# Problem to work on
Transcribe the listing exactly; drop the images.

# Provided material
-=-=-
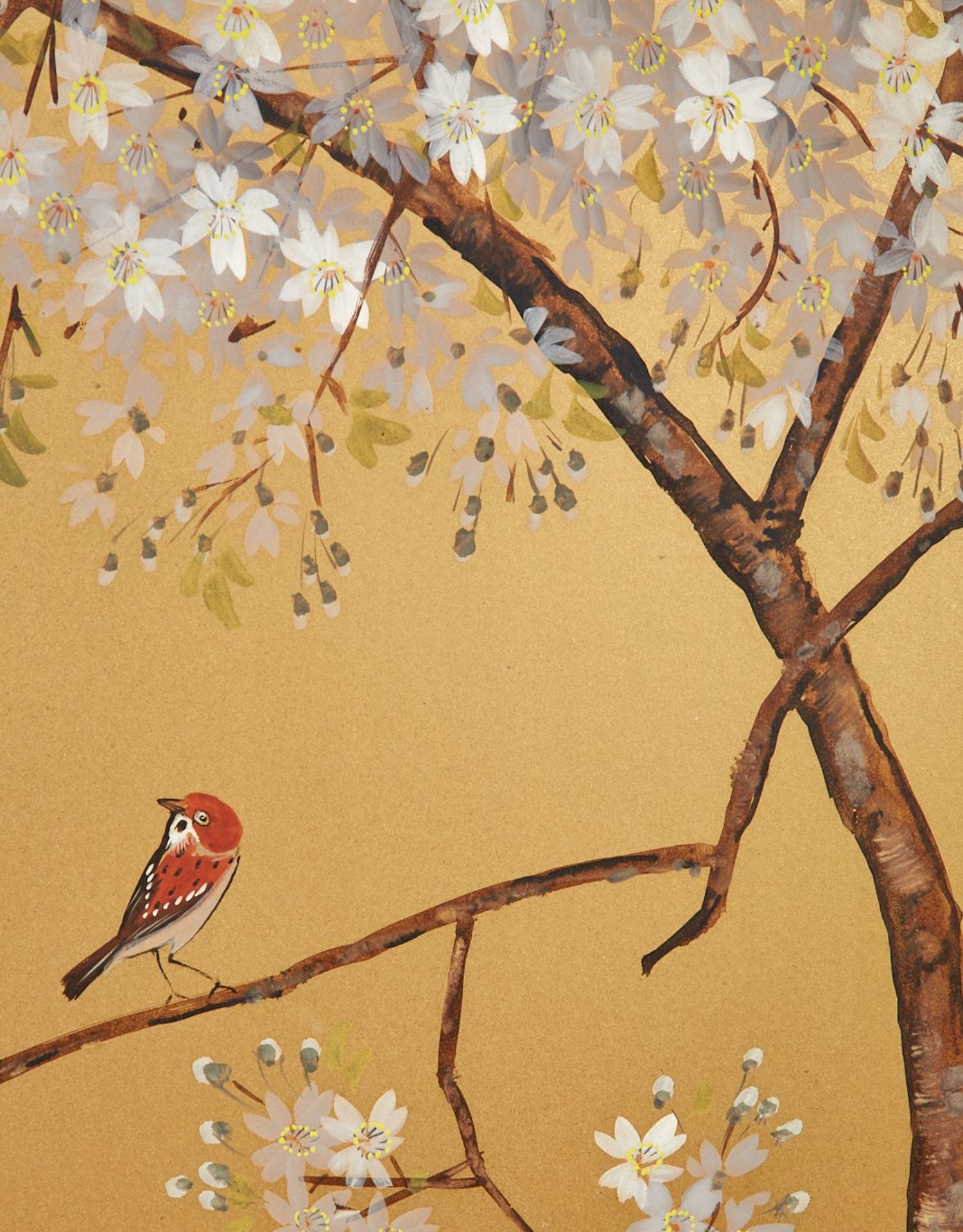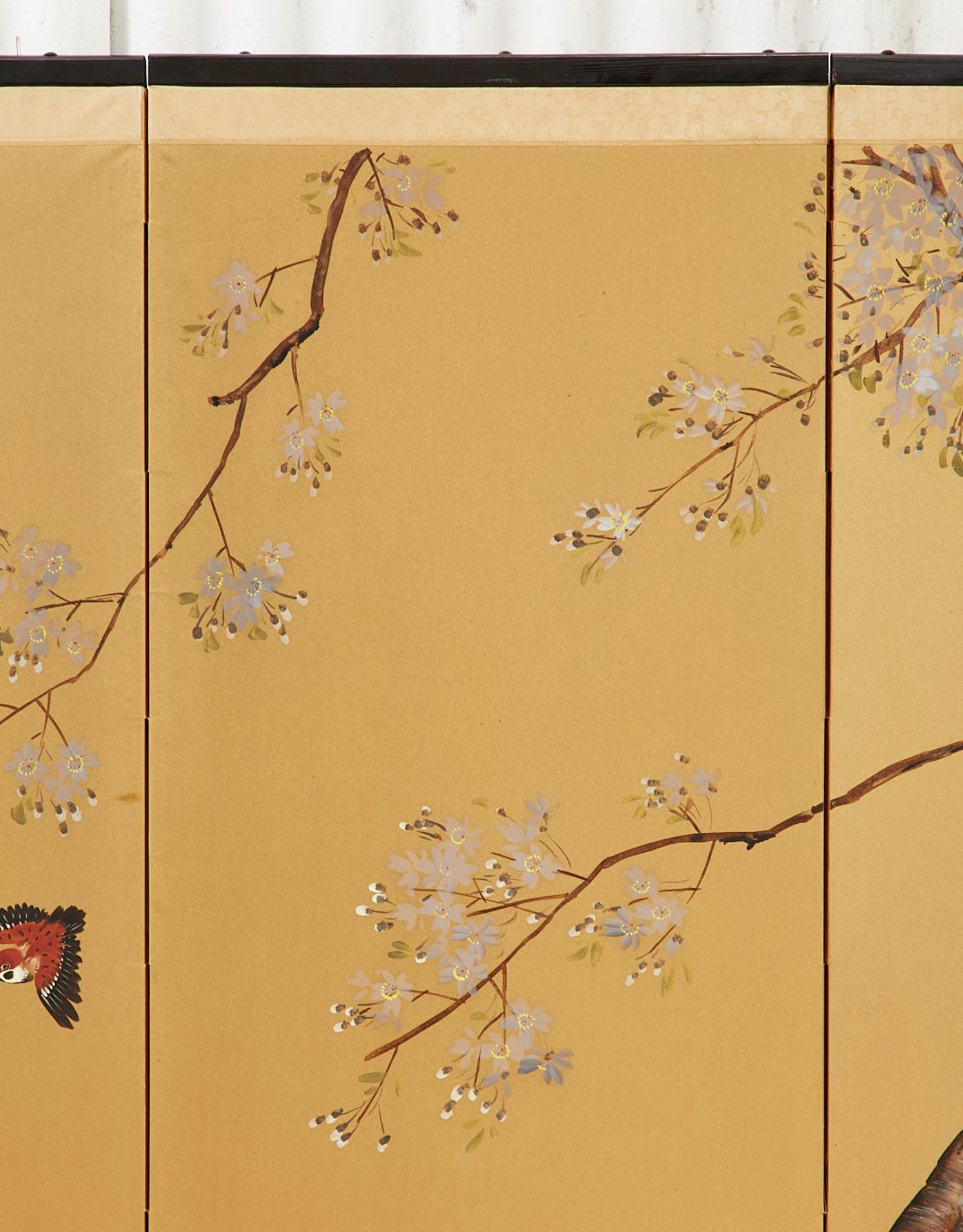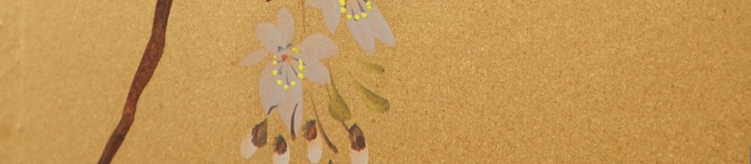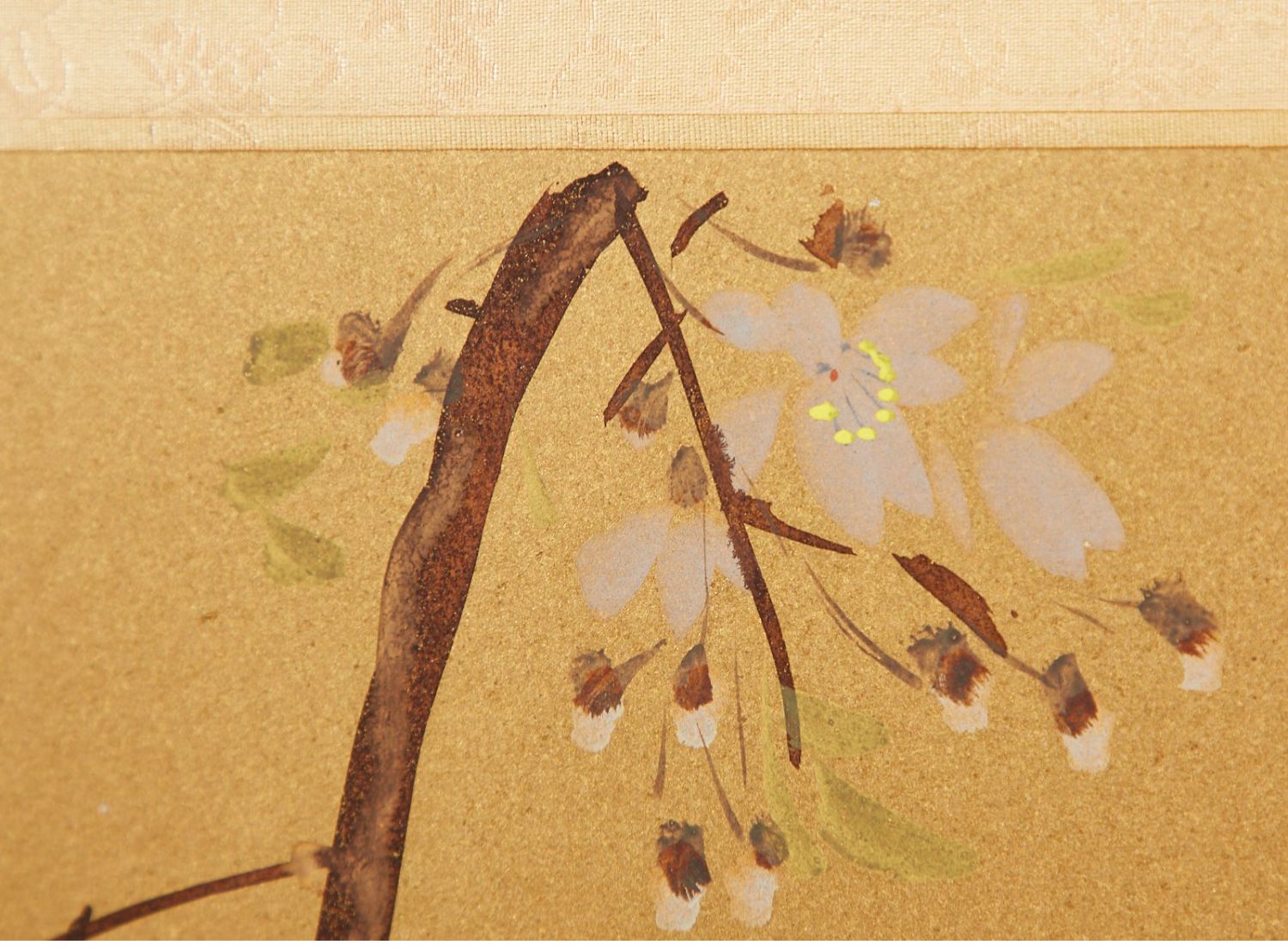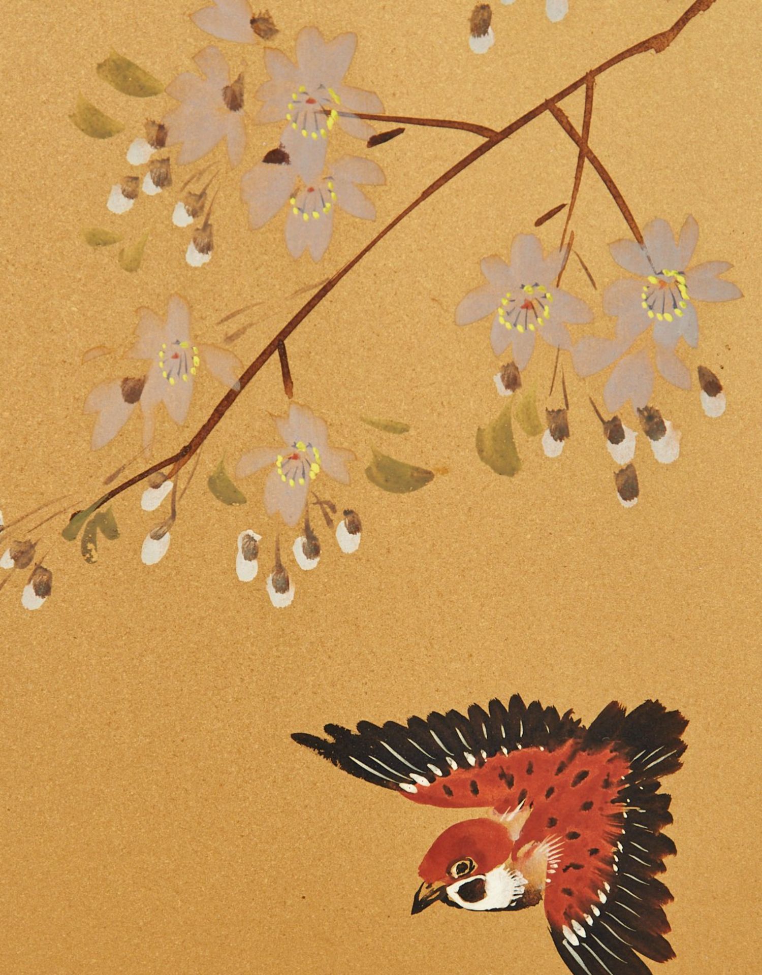 独角鹿西洋古董日本昭和时期手工画樱花四页屏风日式
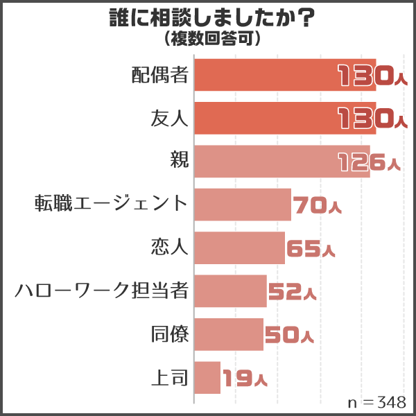 「転職エージェント」が4位、「ハローワーク担当者」が6位で、相談相手に専門家を選ぶ人は意外と少ないということがわかります。
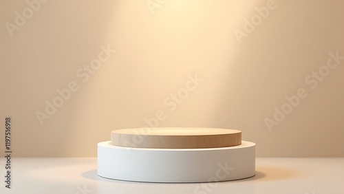 White modern wood podium 3d background with empty product display stage minimal showcase platform mockup stand or luxury cosmetic advertising banner natural wooden shelf backdrop presentation studio.
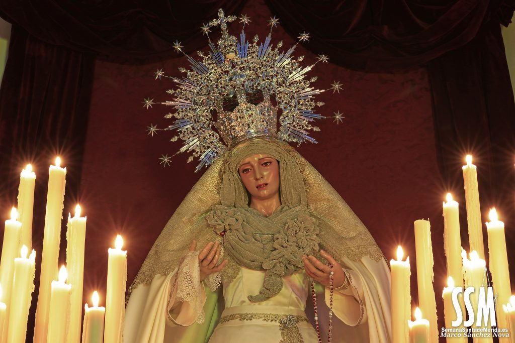 Así se presenta esta hermandad un año más, con sus puertas abiertas de par en par para compartir su pasión con todas y todos los emeritenses. Junto a la calle, entre curiosos y fieles, aguardan sus titulares. Un regalo para los sentidos de quien se encuentra de sopetón una escena única e irrepetible.
-=-=-
# Your response
 独角鹿西洋古董日本昭和时期手工画樱花四页屏风日式
 「転職エージェント」が4位、「ハローワーク担当者」が6位で、相談相手に専門家を選ぶ人は意外と少ないということがわかります。
 White modern wood podium 3d background with empty product display stage minimal showcase platform mockup stand or luxury cosmetic advertising banner natural wooden shelf backdrop presentation studio.
 Así se presenta esta hermandad un año más, con sus puertas abiertas de par en par para compartir su pasión con todas y todos los emeritenses. Junto a la calle, entre curiosos y fieles, aguardan sus titulares. Un regalo para los sentidos de quien se encuentra de sopetón una escena única e irrepetible.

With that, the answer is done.